Training data: (75973, 14)
Test data: (32567, 13)
Target: price (range: £450 - £159,999)


Unnamed: 0,carID,Brand,model,year,price,transmission,mileage,fuelType,tax,mpg,engineSize,paintQuality%,previousOwners,hasDamage
0,69512,VW,Golf,2016.0,22290,Semi-Auto,28421.0,Petrol,,11.417268,2.0,63.0,4.0,0.0
1,53000,Toyota,Yaris,2019.0,13790,Manual,4589.0,Petrol,145.0,47.9,1.5,50.0,1.0,0.0
2,6366,Audi,Q2,2019.0,24990,Semi-Auto,3624.0,Petrol,145.0,40.9,1.5,56.0,4.0,0.0
3,29021,Ford,FIESTA,2018.0,12500,anual,9102.0,Petrol,145.0,65.7,1.0,50.0,-2.340306,0.0
4,10062,BMW,2 Series,2019.0,22995,Manual,1000.0,Petrol,145.0,42.8,1.5,97.0,3.0,0.0


In [4]:
# Quick Start: Clean data in 3 lines
preprocessor = DataPreprocessor(target_column='price')

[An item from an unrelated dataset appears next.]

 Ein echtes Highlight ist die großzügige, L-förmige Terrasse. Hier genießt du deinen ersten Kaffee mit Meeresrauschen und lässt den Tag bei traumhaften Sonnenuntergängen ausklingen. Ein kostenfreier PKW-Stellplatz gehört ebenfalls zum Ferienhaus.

# Configure basic processing for key features
preprocessor.add_feature_pipeline('mileage', missing_strategy='median', scaling_method='standard')
preprocessor.add_feature_pipeline('year', missing_strategy='mean', scaling_method='minmax')
preprocessor.add_feature_pipeline('transmission', missing_strategy='mode', encoding_method='onehot')

# Fit and transform
X_train, y_train = preprocessor.fit_transform(train_data)
X_test, y_test = preprocessor.transform(test_data)

print("Quick Start Results:")
print(f"Original shape: {train_data.shape}")
print(f"Processed shape: {X_train.shape}")
print(f"Missing values: {train_data.isnull().sum().sum()} → {X_train.isnull().sum().sum()}")
print(f"Features processed: mileage, year, transmission")

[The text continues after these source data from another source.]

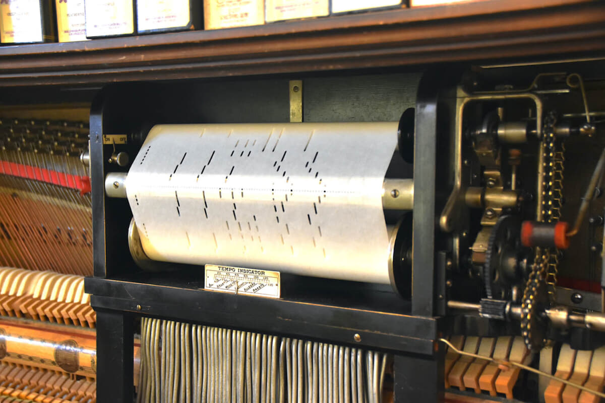 • スコット・ジョプリン博物館のリナさん。足踏みで空気を送ると自動ピアノが曲を演奏する。ピアノの上に並ぶ箱が「楽譜」
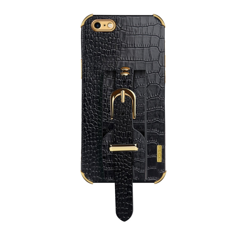 Funda iPhone 6 TPU Electroplated Piel Estampado Cocodrilo con Correa de Muñeca (Negro)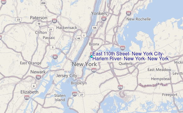 Use this relief map to navigate to tide stations, surf breaks and cities that are in the area of East 110th Street, New York City, Harlem River, New York, New York.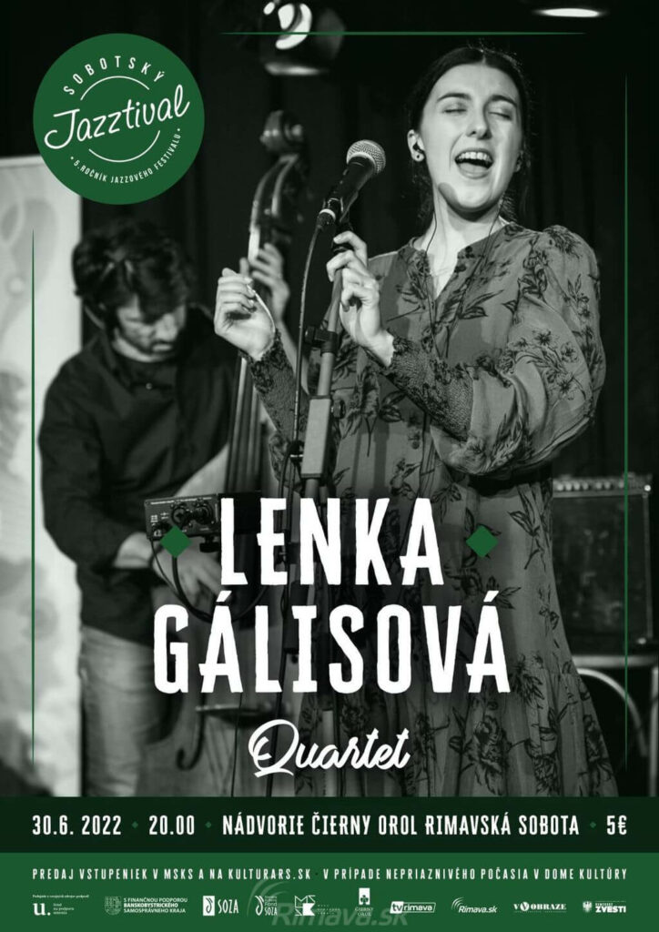 Prvým koncertom v rámci 5. ročníka Sobotského Jazztivalu bude v piatok, 30. 6. o 20.00 hod. koncert mladej hudobnej formácie Lenka Gálisová Quartet, ktorá od svojho vzniku v roku 2020 žne jeden úspech za druhým. Na prehliadke Nové tváre slovenského jazzu vlani získali cenu Objav roka. Tešíme sa na zaručene skvelý hudobný zážitok znásobený príjemnou atmosférou Nádvoria Čierny orol. Vstupné: 5 €, predaj vstupeniek v TIC, na www.kulturars.sk a priamo na mieste. Projekt z verejných zdrojov podporili Fond na podporu umenia, Banskobystrický samosprávny kraj, SOZA a Sociálny a kultúrny fond SOZA.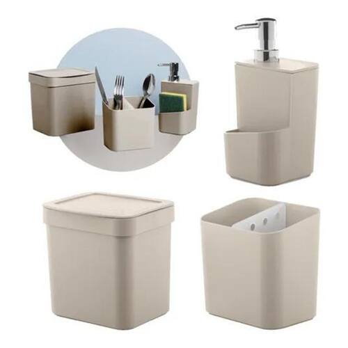 Jogo 3 pçs de cozinha pia trium porta detergente lixeira Cor: bege F6133 maple decor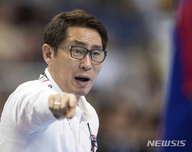 【베를린=AP/뉴시스】조영신 감독이 12일(현지시간) 독일 베를린의 메르세데스 벤츠 아레나에서 열린 제26회 세계남자핸드볼선수권대회 조별 리그 A조 2차전에서 러시아와 경기 중 작전 지시를 하고 있다.

# Show before/after for one feature
print(f"\nMileage transformation example:")
print(f"Original range: {train_data['mileage'].min():.0f} - {train_data['mileage'].max():.0f}")
print(f"Processed range: {X_train['mileage'].min():.3f} - {X_train['mileage'].max():.3f}")
print(f"Mean: {train_data['mileage'].mean():.0f} → {X_train['mileage'].mean():.3f}")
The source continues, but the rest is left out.